In an experiment on the photoelectric effect, an evacuated photocell with a pure metal cathode is used. Which graph best represents the variation of $V$, the minimum potential difference to prevent current from flowing, when $x$, the frequency of the incident light, is varied?

Answer 1

Hint: Try to get the equation of straight line, $y = mx + c$, by manipulating the Einstein‘s equation for Photoelectric effect, that is, ${E_{\max }} = hf - {\phi _0}$.

Complete step by step solution:
We know, the Einstein’s equation for photoelectric effect is given by,
${E_{\max }} = hf - {\phi _0}$
Where, ${E_{\max }} = $maximum kinetic energy of the electrons that are emitted from the cathode
$h = $Planck’s constant
$f = $frequency of the incident light
${\phi _0} = h{f_0} = $work function of the metal from where the electron is emitting and it is related to the threshold frequency ${f_0}$.
The work function of the metal is the minimum amount of work of energy required to take a free-electron out of the metal against the force that is exerted by the surrounding positive ion.
When a particular amount of negative potential difference $V$ is applied to the anode A, the current becomes zero in the photoelectric tube. This is the value of negative potential difference which just stops the electrons with maximum energy from reaching anode A. This $V$ is known as stopping potential.
Therefore,
$eV = {E_{\max }}$
We have, \[{E_{\max }} = hf - {\phi _0} \cdot \cdot \cdot \cdot \cdot \cdot \left( 1 \right)\]
Substitute ${\phi _0} = h{f_0}$ in equation$\left( 1 \right)$, so we get
${E_{\max }} = hf - h{f_0}$
Since, ${E_{\max }} = eV$
Therefore,
$
  hf - h{f_0} = eV \\
  h\left( {f - {f_0}} \right) = eV \\
 $
Or $V = \dfrac{h}{e}\left( {f - {f_0}} \right)$
This equation can be interpret as:
$y = \dfrac{h}{e}\left( {x - {x_0}} \right)$, which form the equation of a straight line of gradient $\dfrac{h}{e}$.
So when the graph is plotted showing the variation of minimum potential difference on the y-axis against the frequency of incident light on the x-axis, a straight line is drawn cutting the x-axis at ${f_0}$. The best graph representing it is option B.

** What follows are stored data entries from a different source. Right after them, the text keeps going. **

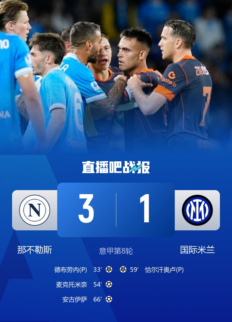 登顶!那不勒斯3-1终结国米4连胜迪洛伦佐争议造点丁丁点射+伤退
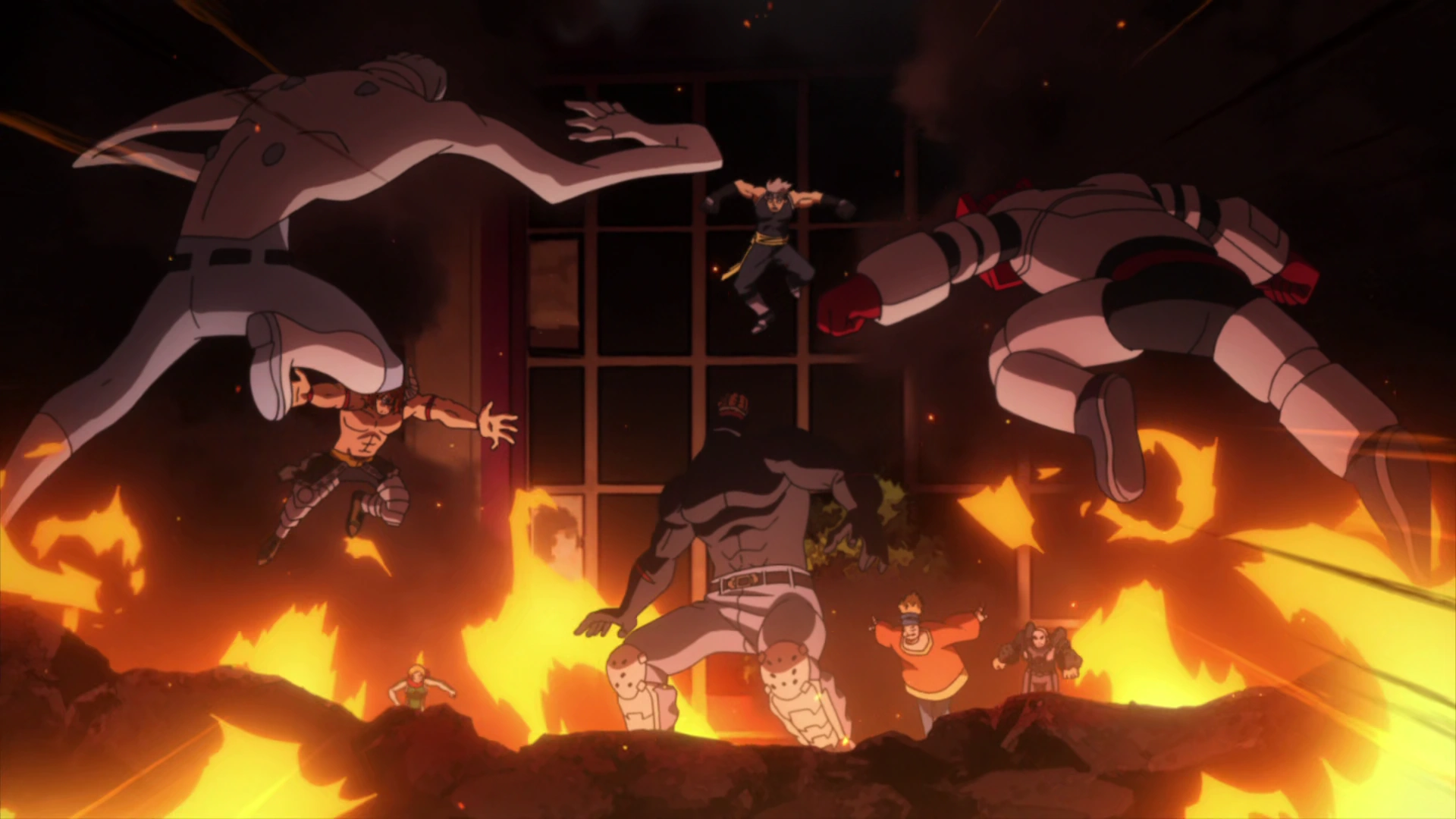 Despite the power and enormous strength of the Nomu, the heroes continues to struggle them for several minutes. The dark Nomu attacks ninja-like heroes, who dodge his blow with a jump and counter-launch by throwing shuriken's at him, though the weapons bounce off the creature's sturdy back without doing any damage to it.
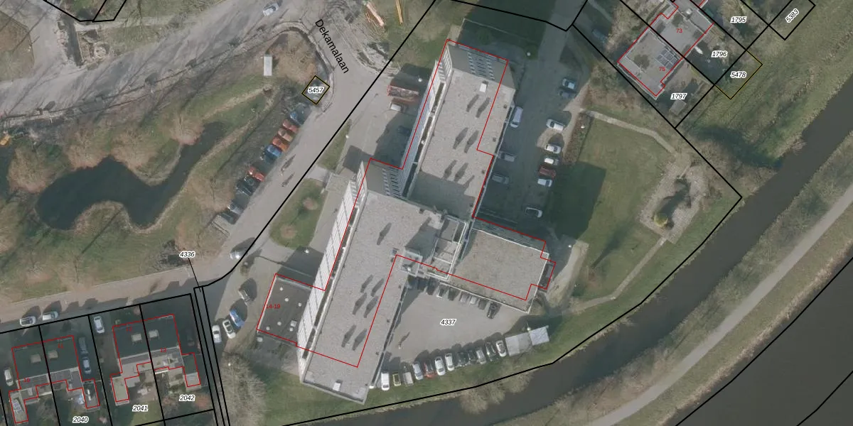 Het perceel waarop Dekamalaan 17-315 staat heeft een oppervlakte van 7665 m². Dit is een zeer groot perceel. De perceeloppervlakte wordt geregistreerd door het Kadaster. Gedetailleerde informatie over de maten van dit perceel kunt u vinden in het rapport Kadastrale kaart met maatvoering van Dekamalaan 17-315.
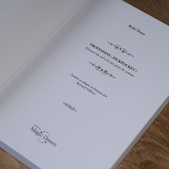 With the book "Profession: PickPocket - Manual of the flight to the shooting for artists " You have a summary of its 50 years of experience in hand. In this book, Ricki Dunn reveals how to steal each type of element. You will also learn professional routines, how to develop a pickpocket act and how to sell your number.
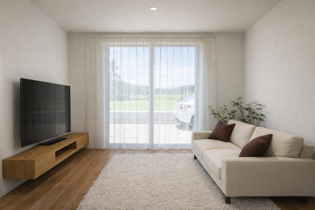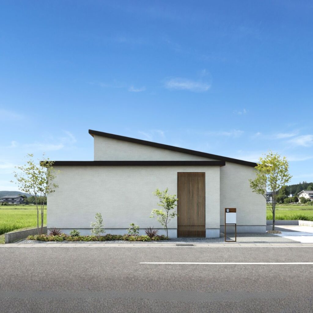 大きな開口部からたっぷりの光が入り込む、明るく心地よい大空間。白を基調とした内装と高い天井が、平屋ならではのゆったりとした開放感を演出します。自然光に包まれながら、穏やかな時間を過ごせる住まいです。 ※完成イメージ画像
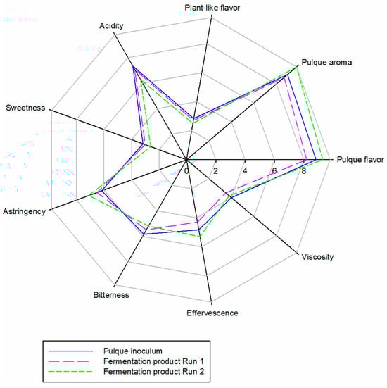 Figure 6. In the case of the reactor Run 1, the sensory characteristics were similar to those of the pulque seed, except for the characteristic flavor and aroma attributes, which were slightly below those of the inoculum. On the other hand, the pulque produced in the reactor Run 2, which was fermented for two additional days in comparison to Run 1, presented a greater intensity in the sensory parameters related to pulque, resulting in a product that was sensorially similar to the pulque inoculum. In conclusion, the sensory evaluation of the samples of the pulque products obtained through semi-continuous fermentation for the production of pulque resulted in minimal sensory differences with respect to the pulque seed, whereas a slight reduction in the bitterness attribute was observed.
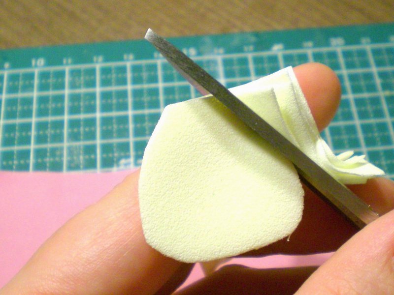 Прикладываем шаблоны к фоамирану, очерчиваем контуры с помощью зубочистки. Вырезаем по одной детали каждого размера. При желании края лепестков можно подкрасить. Нагреваем утюг и прикладываем заготовки по одной, растягивающими движениями придаем выпуклость, подкручиваем края в обратную сторону.
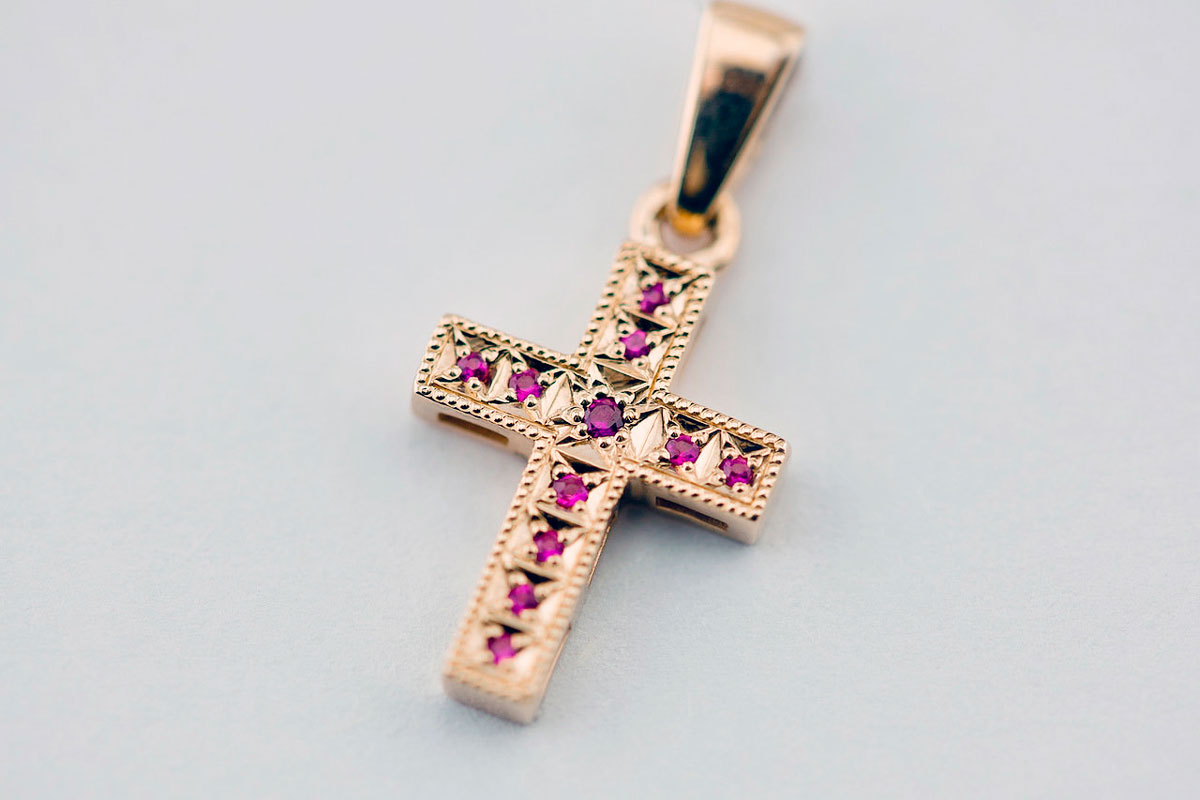 Las cruces modernas están abundantemente decoradas con inserciones. Las variantes con piedras son populares entre los hombres no menos que entre las mujeres. Por ejemplo, puede pedir un producto con un rubí o cualquier otra gema natural. Esto no es solo un símbolo de fe, sino también una decoración increíble. Los joyeros experimentan constantemente con formas y líneas. Se ha vuelto popular combinar diferentes materiales.
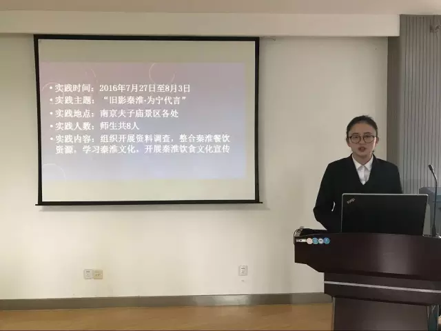 本次暑期实践团队交流会旨在学习宣传贯彻党的十八大和十八届三中、四中、五中全会以及习近平总书记系列重要讲话精神,引领广大青年学生认真领会和落实习近平总书记关于青年成长成才的一系列重要论述,做有理想、有追求,有担当、有作为,有品质、有修养的青年学生。在本次答辩交流会中,校内的五支团队分别进行了暑期实践成果的汇报,他们分别是酒店管理学院陈瑶老师带领的“汤家家民宿考察团队”、旅游管理学院梁海玥老师带领的“金陵文化志愿者团队”、烹饪与营养学院卢荻菲儿老师带领的“旧影秦淮”团队、国际旅游系贲培娣老师带领的“传播中华文化”团队、人文艺术系石惠民、包婕老师带领的“星星之火”团队。
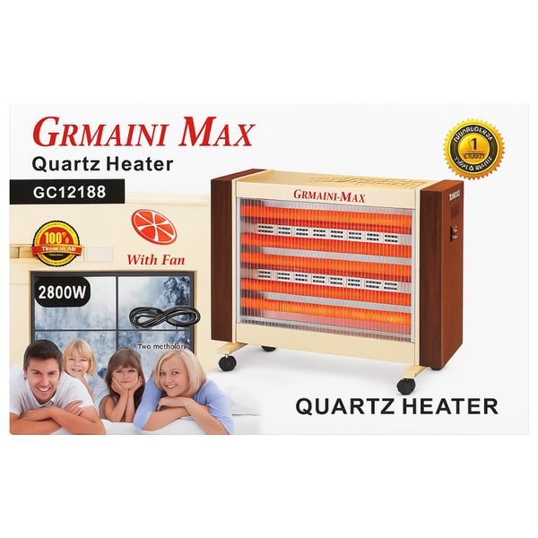 This 2800W radiant quartz heater provides efficient and rapid heating thanks to its 6 quartz heating elements (4+2) for optimal heat distribution. It features a turbo fan to accelerate hot air flow and an adjustable thermostat for precise temperature control. The heater has a durable metal frame, bottom wheels for easy movement between rooms, and a safety switch to prevent tipping over for safe use.
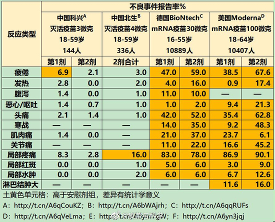 微博上某大V发过一张不同疫苗不良反应发生率的比较。很明显,中国的灭活疫苗,基本上没有什么统计上显著的不良反应,而两款mRNA疫苗出现了很明显的不良反应。
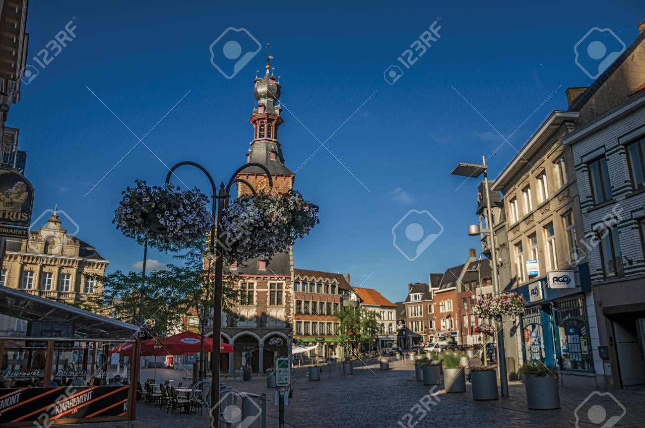 Night View Of Square With Tower At Dusk In Tielt Editorial Photography Image Of Brick Clock 108329182
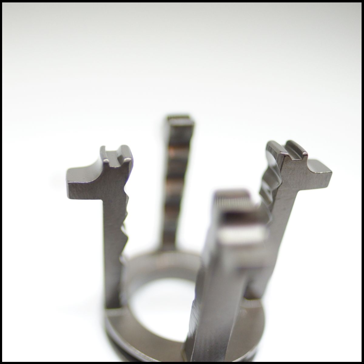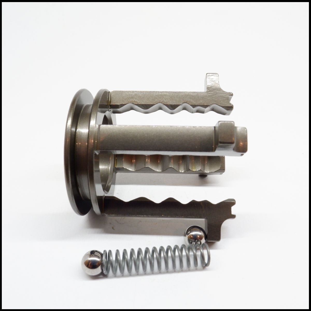 Peça metálica cinzenta com mola helicoidal e apoios verticais em fundo branco
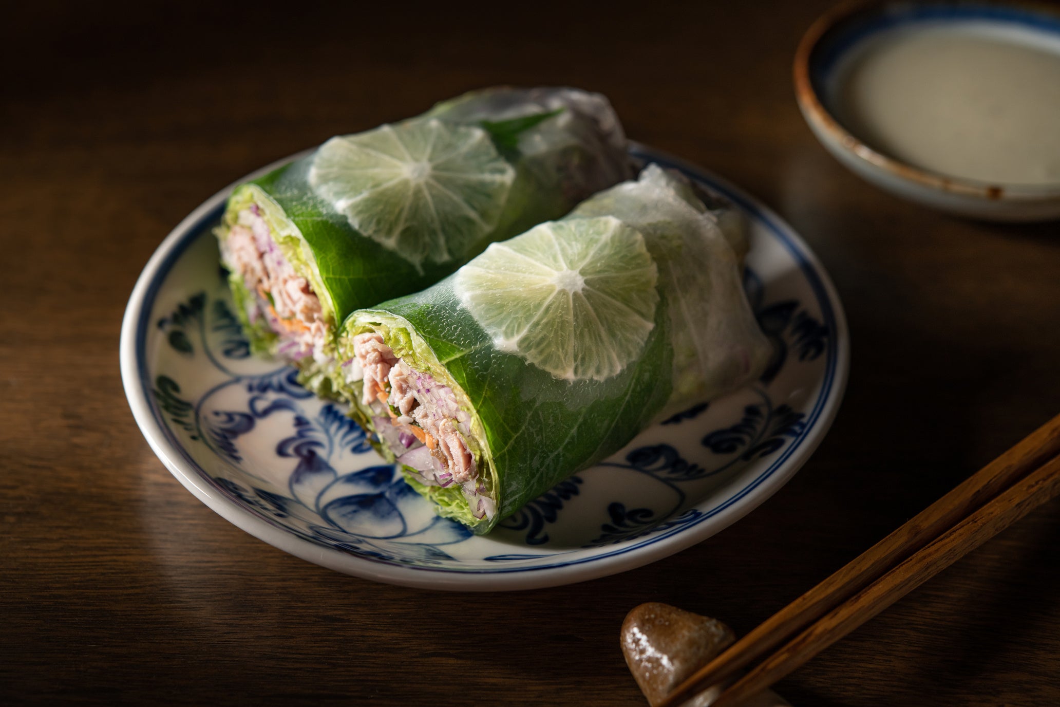 ラム肉の冷しゃぶ・きのこソース・ミント・エゴマ・ライムなどを巻いた、ヘルシーな生春巻きです。柚子胡椒ソースでお召し上がり下さい。(550円)
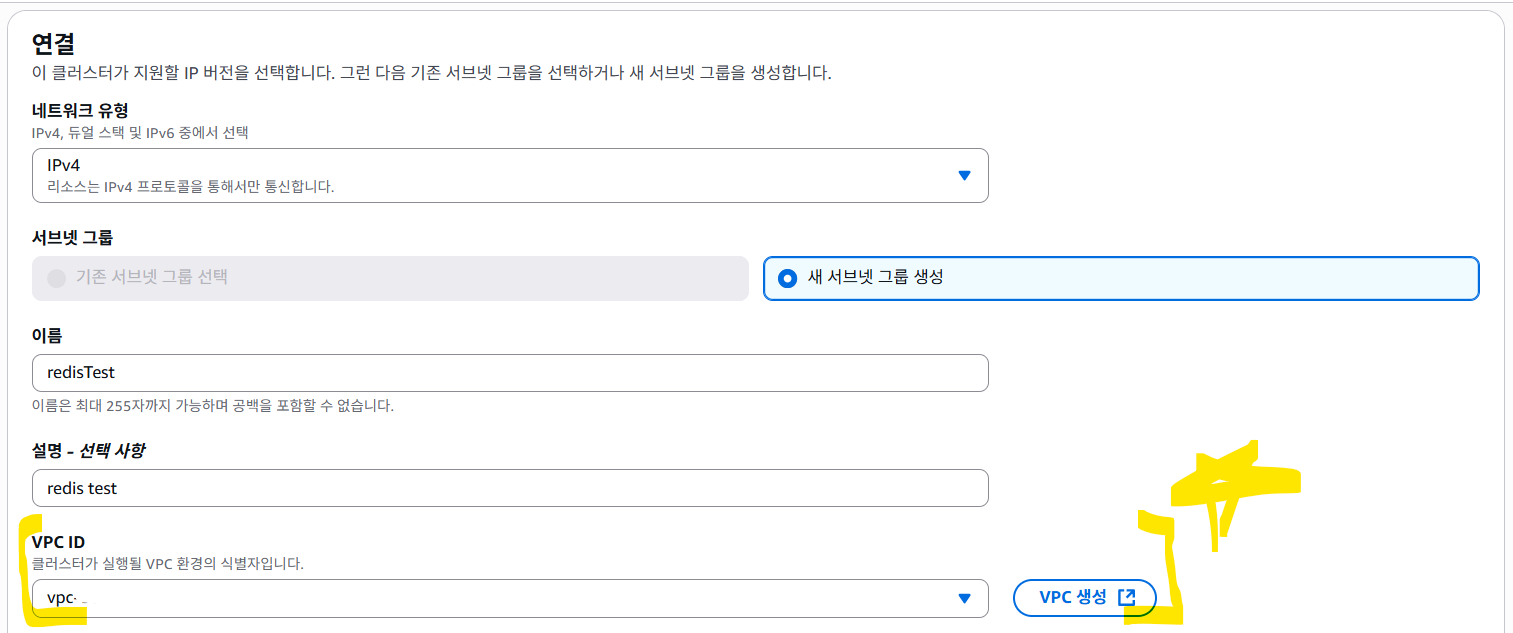 ElastiCache์์ Redis ํด๋ฌ์คํฐ๋ฅผ ๋ง๋ค ๋, ๋
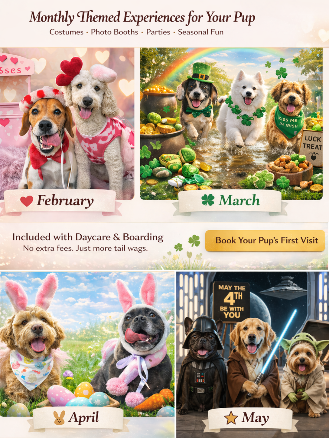 Add in seasonal themes, enrichment activities, and a little bubble-tastic fun—and you get a place pups genuinely enjoy coming to.
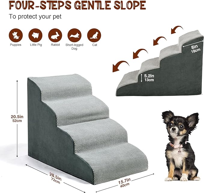 - ✔ تصميم مضاد للانزلاق ومستقر ✔: تستخدم سلالم الحيوانات الأليفة لدينا وسائد إسفنجية عالية الكثافة ومرنة 30D لا تتشوه بسهولة. كما أنها سهلة التركيب للغاية، فقط ضع الغطاء واسحبه. إنها مناسبة للجراء والكلاب قصيرة الأرجل (مثل الكلاب الألمانية والكورجية والباج والبلدغ) والقطط والكلاب المصابة والكلاب المسنة والأرانب الأليفة والخنازير الأليفة وما إلى ذلك.
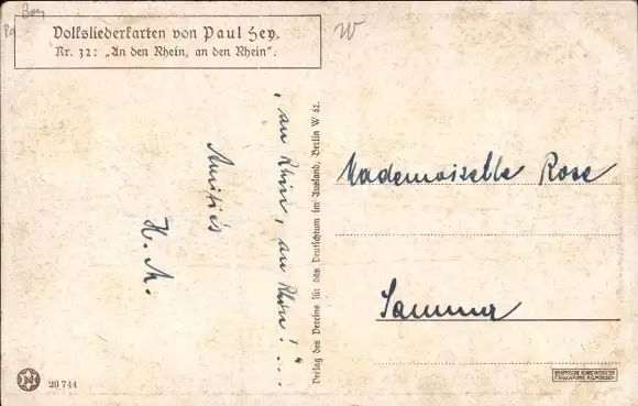 Lied Künstler Ak Hey, P., An den Rhein, an den Rhein, Volksliederkarte Nr. 32
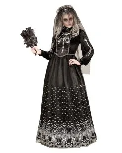 Fasching muss nicht immer mit bunten und fröhlichen Kostümen gefeiert werden. Wer es düster liebt, der wird mit unserem Tag der Toten Skelettbraut Kostüm glücklich werden. Dieses traumhafte Tag der Toten Kostüm besticht durch düstere Eleganz – perfekt, um am Faschingsumzug aus der bunten masse herauszustechen. Das schwarze Braut Kostüm besteht aus einem Halloween Kostümkleid mit Reifrock und einem dunklen Brautschleier. Mit dem passenden Dia De Los Muertos Make-up wirst du zur wunderschönen Todes-Braut, die alle Blicke auf sich zieht.
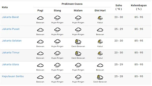 Untuk suhu udara pada hari ini berkisar antara 23 hingga 30 derajat celcius dengan kelembapan udara sekitar 85 – 95persen.
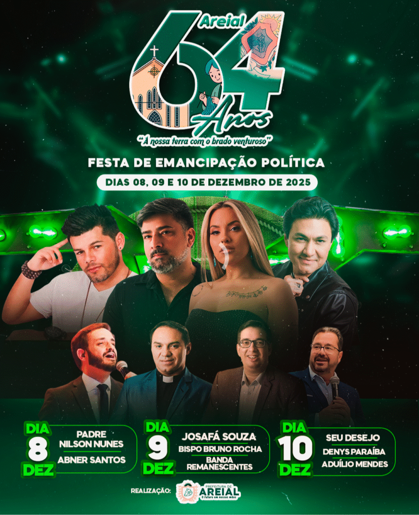 Areial completa 64 anos de emancipação política e a cidade vai celebrar com três dias de eventos, de 8 a 10 de dezembro de 2025. A programação inclui shows e apresentações para toda a comunidade.
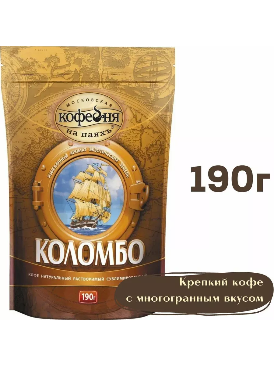 Кофе, Московская кофейня на паяхъ, Коломбо, растворимый, 190г. пакет Кофе растворимый сублимированный Московская кофейня на паяхъ Коломбо 190 г - это крепкий, слегка терпкий кофе с характером, который подарит вам отличный заряд бодрости и удивит богатством вкуса. Для его создания использовались отборные кофейные зерна из Южной и Центральной Америки, которые были подвержены венской обжарке профессионалами своего дела. Подобная темная обжарка позволяет максимально раскрыть аромат зерен и сделать напиток крепким, с ярко выраженными кофейными нотами и тонизирующим эффектом. Московская кофейня на паяхъ создает качественный кофе благодаря неизменным составляющим: квалифицированные специалисты с большим опытом работы, современное высокотехнологичное оборудование и любовь к своему делу. На сегодняшний день компания - один из лидеров на российском рынке. Растворимый кофе Коломбо одинаково подходит как для дома, так и для офисного применения. Его бодрящие качества станут отличным способом поддерживать энергию в течение дня и вдохновляться на новые свершения. Чтобы приготовить чашку ароматного напитка, достаточно взять 1-2 чайные ложки кофе и залить горячей, но не кипящей водой. Мягкая вакуумная упаковка надежно защищает гранулы от нежелательного контакта с влагой и воздухом, сохраняя свежесть и аромат напитка.
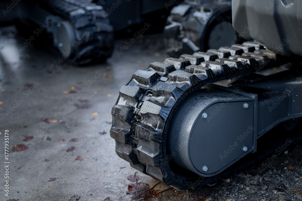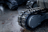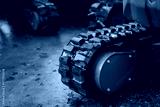 Compact excavator undercarriage with reinforced rubber tracks, drive roller and tension system used for terrain traction and precise machine movement
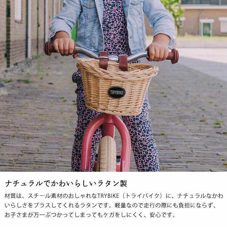 材質は、スチール素材のおしゃれなTRYBIKE(トライバイク)に、ナチュラルなかわいらしさをプラスしてくれるラタンです。軽量なので走行の際にも負担にならず、お子さまが万一ぶつかってしまってもケガをしにくく、安心です。
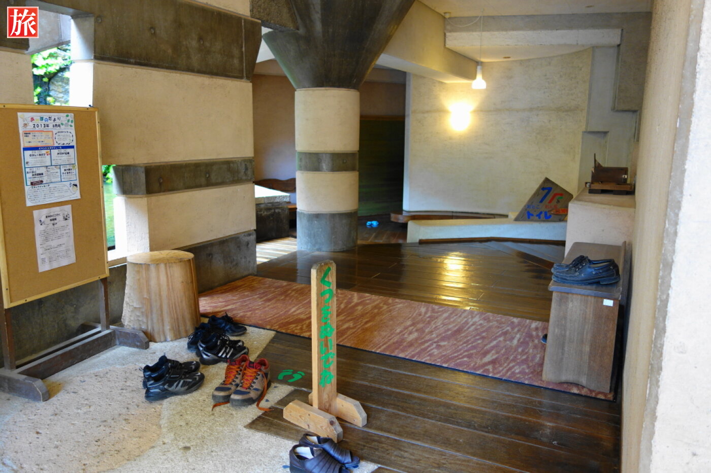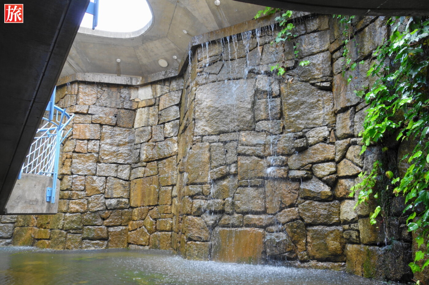 子ども劇場の正面です。1階は管理事務所、2階には子ども劇場があります。内部の様子です。子ども劇場内部から壁面に流れる滝をみる。

$\therefore$ Hence the correct option is (B).

Note:
Here ${f_0}$ is representing threshold frequency which is the minimum frequency of incident radiation to dislodge an electron from an atom. This energy is completely consumed in the process of photoelectric emission. It depends on the nature of the material upon which incident radiation is striking irrespective of the intensity of incident light.